• What you need to do: A verbatim copy is needed of the lines below from the one containing "وكلام الذئب1، وإخبار" up to and including the one containing "Morone's recipe exactly.", excluding pictures.

• Data for processing:
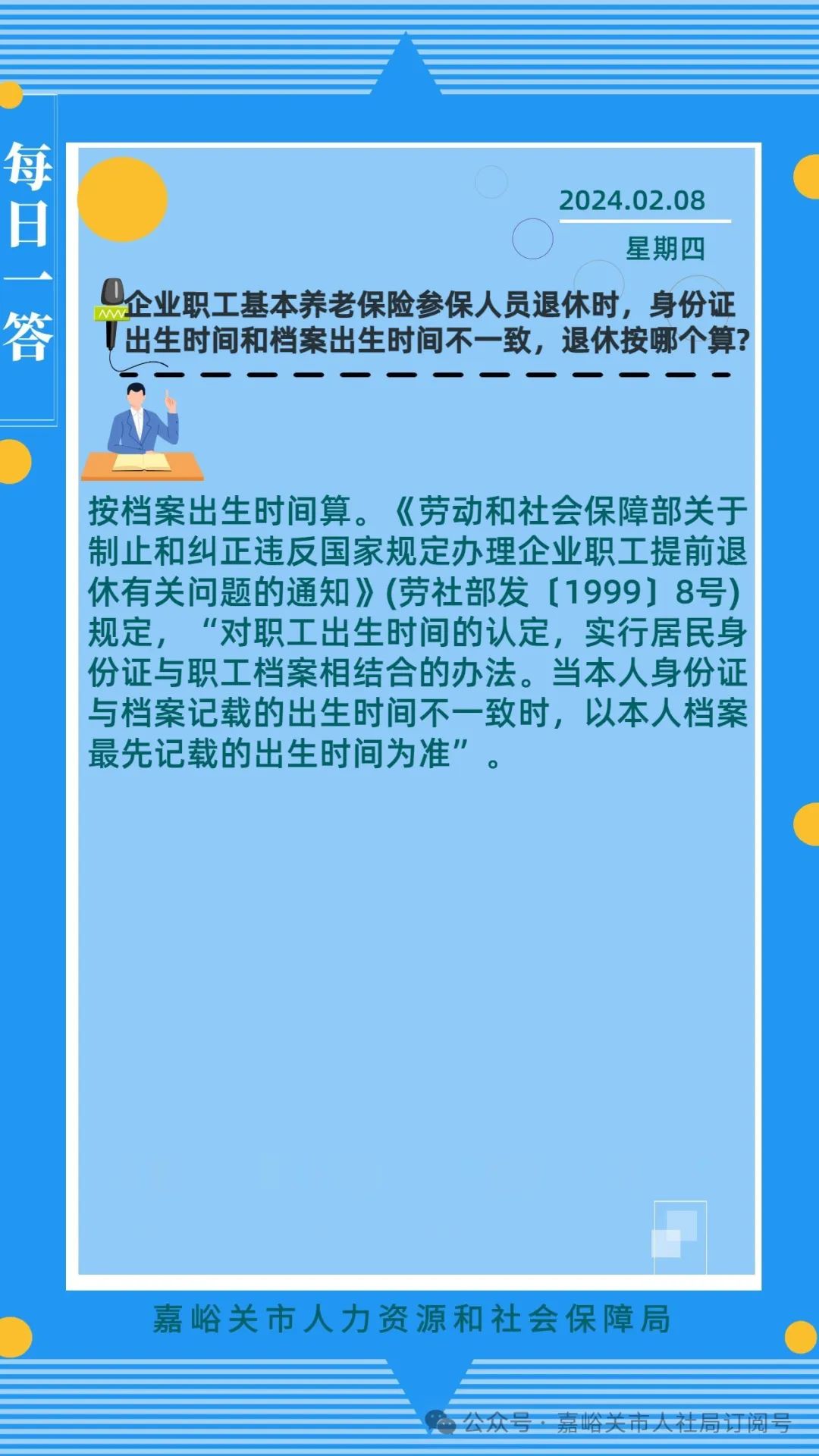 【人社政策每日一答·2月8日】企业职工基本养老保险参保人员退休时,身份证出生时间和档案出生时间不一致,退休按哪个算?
==
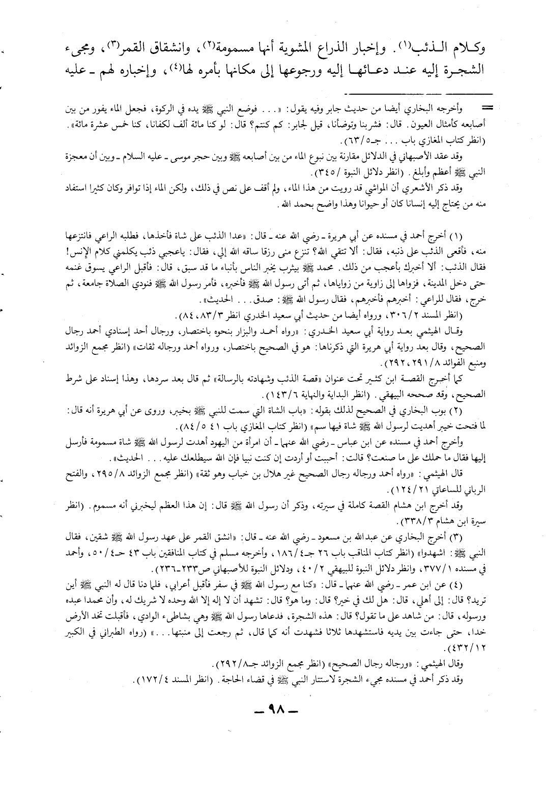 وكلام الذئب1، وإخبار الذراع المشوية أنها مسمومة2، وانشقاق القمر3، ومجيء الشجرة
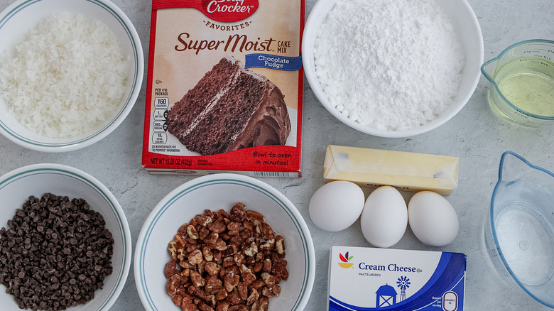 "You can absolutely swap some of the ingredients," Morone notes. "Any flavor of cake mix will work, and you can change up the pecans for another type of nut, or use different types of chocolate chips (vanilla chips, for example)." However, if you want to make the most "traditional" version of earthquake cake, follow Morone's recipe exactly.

• Written response:
 وكلام الذئب1، وإخبار الذراع المشوية أنها مسمومة2، وانشقاق القمر3، ومجيء الشجرة
 "You can absolutely swap some of the ingredients," Morone notes. "Any flavor of cake mix will work, and you can change up the pecans for another type of nut, or use different types of chocolate chips (vanilla chips, for example)." However, if you want to make the most "traditional" version of earthquake cake, follow Morone's recipe exactly.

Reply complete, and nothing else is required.